The measure, sponsored by Brooklyn Democrat Anthony Weiner, would allow landlord-hired professionals to clear violations without ever having to submit repairs to direct review by inspectors with the city’s Department of Housing, Preservation and Development. This is the first time non-governmental inspectors would have the final word on inspections.

Currently, city inspectors–often at the request of tenants–visit buildings and issue violations to landlords where appropriate. Owners are allowed to self-certify they have made the necessary repairs, but they must have the work double-checked by an HPD inspector if they wish to have their code record cleaned.

Tenants groups charge the bill would encourage bad landlords to pay crooked architects and engineers to sign off on work that was never done. “I think this could result in the serious deterioration of the low-income housing stock in New York,” says Betsy Kane, director of the West Side SRO Law Project. “I mean the fact that the landlord can hire somebody to erase the violations record completely is a horrifying possibility.”

But Weiner says the bill is a better alternative to HPD’s badly backlogged inspection system, which has been crippled by budget cuts. Since the early 1990’s the number of city inspectors has dwindled from around 700 to 200.

“I’m not sure the bad guys are going to become good guys because of this law,” Weiner told City Limits. “But HPD is going to get a lot of violations off their books.”

Weiner introduced the bill in September at the behest of landlords in his Sheepshead Bay district, but withdrew it to accommodate HPD’s request that lead and illegal-occupancy violations be removed from the list of transgressions that could be cleared by third-party inspectors.
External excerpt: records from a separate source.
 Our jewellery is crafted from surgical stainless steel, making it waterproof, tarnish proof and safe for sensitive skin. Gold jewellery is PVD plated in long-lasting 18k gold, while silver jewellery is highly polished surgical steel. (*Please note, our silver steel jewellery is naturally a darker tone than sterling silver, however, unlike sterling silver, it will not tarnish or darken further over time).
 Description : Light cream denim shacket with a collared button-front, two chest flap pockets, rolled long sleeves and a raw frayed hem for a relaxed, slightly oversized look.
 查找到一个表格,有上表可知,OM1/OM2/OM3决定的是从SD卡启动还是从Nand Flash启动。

As of the weekend, advocates were lobbying to have other violations exempted.

Still, Weiner, along with housing committee chairman Archie Spigner, who co- sponsored the bill, has done little to respond to advocates’ complaints-most notably the charge that the measure doesn’t include real penalties for engineers who fraudulently inspect repairs. Weiner’s new bill only says: “[HPD] shall forward to [the state] the name of any licensed registered architect or professional engineer who falsely certifies.”
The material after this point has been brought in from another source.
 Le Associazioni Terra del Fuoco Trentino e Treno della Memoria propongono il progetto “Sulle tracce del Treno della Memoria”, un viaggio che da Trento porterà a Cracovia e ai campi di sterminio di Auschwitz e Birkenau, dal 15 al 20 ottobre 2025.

“That’s a joke,” says Scott Sommer with the Metropolitan Council on Housing. “No fines, no real penalties. Fraud rates are going to skyrocket.”

“The city just doesn’t have the authority to pull the licenses of professional who fake certifications anyway,” says Weiner, who plans a congressional bid next year. “It’s easy to demagogue on this bill, but this will help the city clear many of the two million violations on it books. Most of those violations have already been repaired. HPD doesn’t have the organizational capacity to clear them themselves.”

The hearing on the bill, scheduled for 11 a.m. this morning (250 Broadway, 23rd floor), was not included on preliminary committee agendas released last week, fueling speculation that the Council was looking to sneak the measure in time for Wednesday’s full council meeting, the last of the year. “Boom, it’s on the calendar. Almost like a secret,” Betsy Kane says. “That’s a little peculiar. But we’ll be there to oppose it.”